Emanuela is no stranger to Vancouver, having traveled here several times before as Canada is an important market for Chianti wines.  Over the years, she has seen a growing understanding of, and appreciation for, Italian wines.

Their web site provides a concise background of the winery:

“The name Badia s Coltibuono dates back almost one thousand years.  Originally an abbey (badia), the monastery was transformed into a winery during the 19th century.  The wines from this estate, situated on a high hill in the Chianti region and overlooking the Arno Valley, have long been held in high regard.  Forests surround this rural Tuscan estate and play a great role in its identity from ensuring diverse flora and fauna.

The winery now, is comprised of two separate companies, Badia a Coltibuono, for grapes sourced from their own estate (certified organic in 2003) and Coltibuono for grapes sourced elsewhere in the region.

What is impressive, is that Coltibuono is so much more than just a winery.  It was expanded its offerings to include a restaurant, a cooking school, olive farming and an onsite shop selling a wide range of local products and offering tourist related activities.

The 924-hectare property includes 73 hectares of vineyards and 18 are devoted to olive groves.”

Over the last thirty years, many vineyards have been rejuvenated and improved with an eye to sustainability.  Badia Coltibuono was certified organic in 2003 and is now taking that even further.

We tasted through a flight of six wines:

Coltibuono Trappoline Vermentino 2018.
An aromatic wine, very fresh and floral with notes of lemon custard.  Well balanced, with a lingering finish.  A very versatile food wine.

Coltibuono Chianti Classico 2015
Aged in barriques that are turned over every ten years.  Good entry-level wine.

Badia a Coltibuono Chianti Classico 2013
Several clones of Sangiovese are used in this wine.  All organic grapes.  Sangiovese is a grape that tends to really reflect its terroir.  This wine was older, dark and earthy with smoky notes and a hint of vanilla.  The tannins are still firm, indicating it can age nicely for years to come.

Badia a Coltibuono Cultus Boni Chianti Classico Riserva 2013
All nine grapes that are allowed in Chianti were used in this blend.  Chianti should always be a blend to show complexity, rather than just 100% Sangiovese.  This wine showed noticeably greater body, richness and texture.  Very age worthy.

Badia a Coltibuono Sangioveto di Toscana 2013
A bigger richer wine with greater depth.

Badia a Coltibuono Vin Santo Del Chianti Classico 2010
The big nose greets you with a cacophony or aromas including, dark dried fruit, earthy, smoky, candied burnt orange peel, honey and nutty notes.  Well balanced with good structure.  Big and rich on the palate.  Aged for six years.  Specific vineyards are used for their Vin Santo.  The white grapes are air dried to shrivel them and concentrate the juice and sugars.  Fermented with indigenous yeasts and stored in large vessels where it is exposed to the elements where evaporation concentrates the wines and gives them the characteristic slightly oxidized character.

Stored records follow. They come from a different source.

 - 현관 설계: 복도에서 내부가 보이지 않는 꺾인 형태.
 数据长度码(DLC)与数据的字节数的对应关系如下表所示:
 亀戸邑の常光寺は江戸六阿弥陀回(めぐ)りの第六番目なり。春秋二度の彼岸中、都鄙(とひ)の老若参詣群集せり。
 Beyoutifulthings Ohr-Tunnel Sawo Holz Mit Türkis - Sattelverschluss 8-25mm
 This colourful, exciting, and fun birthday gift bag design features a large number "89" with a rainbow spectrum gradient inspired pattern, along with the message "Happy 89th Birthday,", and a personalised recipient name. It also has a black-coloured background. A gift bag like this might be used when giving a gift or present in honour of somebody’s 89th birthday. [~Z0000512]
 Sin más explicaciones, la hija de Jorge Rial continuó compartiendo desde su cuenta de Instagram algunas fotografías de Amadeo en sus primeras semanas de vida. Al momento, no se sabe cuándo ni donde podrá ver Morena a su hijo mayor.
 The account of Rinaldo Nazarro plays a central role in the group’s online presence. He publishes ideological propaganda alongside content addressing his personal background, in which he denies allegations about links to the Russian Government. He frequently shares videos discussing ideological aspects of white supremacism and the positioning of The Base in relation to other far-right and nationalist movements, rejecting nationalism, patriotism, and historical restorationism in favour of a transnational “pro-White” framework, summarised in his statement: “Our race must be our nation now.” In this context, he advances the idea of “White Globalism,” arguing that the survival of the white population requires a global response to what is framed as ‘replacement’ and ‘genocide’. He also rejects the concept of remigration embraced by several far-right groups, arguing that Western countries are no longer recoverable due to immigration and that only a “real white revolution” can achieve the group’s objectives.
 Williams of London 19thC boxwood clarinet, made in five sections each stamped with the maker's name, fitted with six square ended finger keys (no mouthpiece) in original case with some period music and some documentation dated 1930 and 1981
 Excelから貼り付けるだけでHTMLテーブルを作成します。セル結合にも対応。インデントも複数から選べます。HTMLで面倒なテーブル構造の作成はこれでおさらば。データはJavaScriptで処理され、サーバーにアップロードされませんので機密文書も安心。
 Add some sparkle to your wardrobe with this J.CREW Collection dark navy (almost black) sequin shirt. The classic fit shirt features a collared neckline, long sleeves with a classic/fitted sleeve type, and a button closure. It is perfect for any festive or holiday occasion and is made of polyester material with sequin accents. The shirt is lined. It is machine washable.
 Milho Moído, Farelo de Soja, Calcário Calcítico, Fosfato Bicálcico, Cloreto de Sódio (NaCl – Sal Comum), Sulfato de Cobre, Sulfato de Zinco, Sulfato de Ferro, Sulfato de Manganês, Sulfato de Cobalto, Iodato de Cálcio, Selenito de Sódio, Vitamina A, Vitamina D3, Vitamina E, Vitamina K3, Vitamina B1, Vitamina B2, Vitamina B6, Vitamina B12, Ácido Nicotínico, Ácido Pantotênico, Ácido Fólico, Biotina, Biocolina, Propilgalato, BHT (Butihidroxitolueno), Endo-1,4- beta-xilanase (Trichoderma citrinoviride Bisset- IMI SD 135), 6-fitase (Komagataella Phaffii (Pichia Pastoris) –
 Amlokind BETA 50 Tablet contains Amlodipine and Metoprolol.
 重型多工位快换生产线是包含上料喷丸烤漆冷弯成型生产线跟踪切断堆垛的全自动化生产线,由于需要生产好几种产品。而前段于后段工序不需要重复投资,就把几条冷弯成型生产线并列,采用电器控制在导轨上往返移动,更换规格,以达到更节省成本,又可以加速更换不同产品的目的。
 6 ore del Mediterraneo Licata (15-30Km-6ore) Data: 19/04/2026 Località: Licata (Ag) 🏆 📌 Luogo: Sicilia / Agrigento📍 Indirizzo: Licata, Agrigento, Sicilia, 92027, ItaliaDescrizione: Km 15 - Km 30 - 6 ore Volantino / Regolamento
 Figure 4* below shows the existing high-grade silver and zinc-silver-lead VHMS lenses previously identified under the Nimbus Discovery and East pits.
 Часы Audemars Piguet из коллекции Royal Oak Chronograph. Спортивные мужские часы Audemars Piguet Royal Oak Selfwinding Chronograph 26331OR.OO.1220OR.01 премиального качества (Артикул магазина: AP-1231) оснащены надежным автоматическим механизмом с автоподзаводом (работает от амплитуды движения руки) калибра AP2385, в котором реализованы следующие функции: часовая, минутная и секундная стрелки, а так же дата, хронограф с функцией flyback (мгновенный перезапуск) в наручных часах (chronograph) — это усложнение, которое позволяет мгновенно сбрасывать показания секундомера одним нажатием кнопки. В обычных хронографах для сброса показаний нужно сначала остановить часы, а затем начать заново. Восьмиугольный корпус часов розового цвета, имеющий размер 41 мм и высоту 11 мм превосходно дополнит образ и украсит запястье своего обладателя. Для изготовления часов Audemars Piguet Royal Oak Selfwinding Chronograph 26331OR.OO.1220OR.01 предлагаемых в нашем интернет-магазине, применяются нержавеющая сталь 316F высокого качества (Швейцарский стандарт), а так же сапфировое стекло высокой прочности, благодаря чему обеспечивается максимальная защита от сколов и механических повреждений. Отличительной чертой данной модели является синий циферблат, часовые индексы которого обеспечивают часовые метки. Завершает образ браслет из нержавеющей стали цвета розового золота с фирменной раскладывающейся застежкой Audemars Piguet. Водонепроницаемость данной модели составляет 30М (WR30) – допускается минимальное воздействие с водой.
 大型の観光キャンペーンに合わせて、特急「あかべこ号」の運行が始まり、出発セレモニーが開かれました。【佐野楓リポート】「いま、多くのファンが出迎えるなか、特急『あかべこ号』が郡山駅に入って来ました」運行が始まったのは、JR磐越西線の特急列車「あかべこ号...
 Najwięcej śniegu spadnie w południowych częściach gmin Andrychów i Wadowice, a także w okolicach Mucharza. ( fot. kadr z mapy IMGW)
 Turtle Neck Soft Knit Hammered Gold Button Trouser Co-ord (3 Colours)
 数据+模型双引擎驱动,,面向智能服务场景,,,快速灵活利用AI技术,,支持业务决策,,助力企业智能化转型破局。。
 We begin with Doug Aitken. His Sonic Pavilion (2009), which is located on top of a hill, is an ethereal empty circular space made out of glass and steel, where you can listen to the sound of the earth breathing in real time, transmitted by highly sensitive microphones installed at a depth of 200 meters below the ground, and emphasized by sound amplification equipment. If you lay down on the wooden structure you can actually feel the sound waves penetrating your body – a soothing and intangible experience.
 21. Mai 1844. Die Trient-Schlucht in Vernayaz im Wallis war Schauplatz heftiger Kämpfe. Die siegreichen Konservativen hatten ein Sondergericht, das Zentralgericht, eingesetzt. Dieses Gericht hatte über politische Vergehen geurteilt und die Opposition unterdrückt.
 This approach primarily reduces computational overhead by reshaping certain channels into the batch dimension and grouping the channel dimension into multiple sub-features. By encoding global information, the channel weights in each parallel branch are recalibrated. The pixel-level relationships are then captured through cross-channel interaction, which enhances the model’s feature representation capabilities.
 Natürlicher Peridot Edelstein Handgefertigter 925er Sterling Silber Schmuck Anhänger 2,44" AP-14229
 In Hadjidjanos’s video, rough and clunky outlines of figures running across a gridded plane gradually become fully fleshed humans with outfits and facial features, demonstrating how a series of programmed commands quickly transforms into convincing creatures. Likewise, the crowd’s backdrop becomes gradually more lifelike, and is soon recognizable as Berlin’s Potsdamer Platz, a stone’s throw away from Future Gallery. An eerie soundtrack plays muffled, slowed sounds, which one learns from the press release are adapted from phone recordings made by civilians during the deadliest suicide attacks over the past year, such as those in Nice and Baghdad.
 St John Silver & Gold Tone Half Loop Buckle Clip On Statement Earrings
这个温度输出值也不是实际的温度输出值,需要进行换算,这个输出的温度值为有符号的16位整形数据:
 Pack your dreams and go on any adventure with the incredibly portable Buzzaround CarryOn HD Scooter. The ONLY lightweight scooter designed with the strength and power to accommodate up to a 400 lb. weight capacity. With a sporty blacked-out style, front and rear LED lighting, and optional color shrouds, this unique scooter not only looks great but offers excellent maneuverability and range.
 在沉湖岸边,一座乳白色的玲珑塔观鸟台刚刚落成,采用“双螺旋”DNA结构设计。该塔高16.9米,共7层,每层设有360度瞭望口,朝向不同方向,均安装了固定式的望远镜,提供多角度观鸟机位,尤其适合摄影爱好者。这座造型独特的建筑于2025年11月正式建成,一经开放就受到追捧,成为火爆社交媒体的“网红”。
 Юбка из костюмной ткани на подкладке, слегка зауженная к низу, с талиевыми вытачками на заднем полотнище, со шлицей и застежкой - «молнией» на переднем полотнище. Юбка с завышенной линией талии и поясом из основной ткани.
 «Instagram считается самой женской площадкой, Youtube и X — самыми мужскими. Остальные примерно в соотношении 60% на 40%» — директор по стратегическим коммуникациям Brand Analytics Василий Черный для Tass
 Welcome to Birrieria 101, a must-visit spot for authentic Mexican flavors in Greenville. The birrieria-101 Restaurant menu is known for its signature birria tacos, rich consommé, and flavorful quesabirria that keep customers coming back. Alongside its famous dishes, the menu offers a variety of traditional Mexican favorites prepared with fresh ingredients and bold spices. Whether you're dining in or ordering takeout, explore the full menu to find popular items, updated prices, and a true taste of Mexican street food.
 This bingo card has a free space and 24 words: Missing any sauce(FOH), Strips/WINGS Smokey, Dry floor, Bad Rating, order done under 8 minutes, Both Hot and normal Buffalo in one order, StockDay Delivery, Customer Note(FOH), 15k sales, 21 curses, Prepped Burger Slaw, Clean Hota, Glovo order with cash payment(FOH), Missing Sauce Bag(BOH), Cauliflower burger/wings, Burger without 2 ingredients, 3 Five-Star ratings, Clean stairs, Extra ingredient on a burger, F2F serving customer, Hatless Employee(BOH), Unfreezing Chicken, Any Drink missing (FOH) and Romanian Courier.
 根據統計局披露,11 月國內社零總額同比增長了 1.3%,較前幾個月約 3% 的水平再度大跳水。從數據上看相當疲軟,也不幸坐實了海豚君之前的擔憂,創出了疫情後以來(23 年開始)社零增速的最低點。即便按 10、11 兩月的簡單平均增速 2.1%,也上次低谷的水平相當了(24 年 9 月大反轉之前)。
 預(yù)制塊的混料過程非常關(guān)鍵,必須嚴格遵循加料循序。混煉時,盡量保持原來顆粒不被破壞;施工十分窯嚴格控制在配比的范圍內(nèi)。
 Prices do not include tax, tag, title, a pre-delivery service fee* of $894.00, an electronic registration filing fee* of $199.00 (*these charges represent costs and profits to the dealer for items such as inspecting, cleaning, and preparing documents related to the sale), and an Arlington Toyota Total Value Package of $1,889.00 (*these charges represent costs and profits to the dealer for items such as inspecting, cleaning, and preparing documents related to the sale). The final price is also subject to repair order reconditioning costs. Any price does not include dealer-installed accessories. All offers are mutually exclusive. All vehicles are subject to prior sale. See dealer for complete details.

Emanuela mentioned that climate change is certainly noticeable in the region (Florence has even experienced hurricanes), though so far, the effects have been mostly positive, producing riper grapes on a more consistent basis, though they have had to change their canopy management program.  They now leave more leaf cover to protect the grapes from sun burn.    The region is home to lots of oak tree covered hills, which help ensure soil water retention and a good diurnal temperature shift, keeping the wines fresh and with good structure.  Sugar needs heat to develop, but tannins require sufficient hang time to fully develop.  The soils tend to consist primarily of clay and limestone, which among other things provides good drainage.  Cover crops and the use of organic compost help to ensure healthy soils, which in turn, help to mitigate climate variations.

Badia Coltibuono does not make single vineyard wines as there tends to be a lot of variation within the vineyards.

The estate also has six hundred hectares of olive groves.  Wild boars are a problem in the fields so netting and small walls are used to protect the vineyards.

Emanuela Stucchi Prinetti and Khristian Laroche

Thanks to Khristian Laroche and Waldorf Wines and CAPS for this informative session.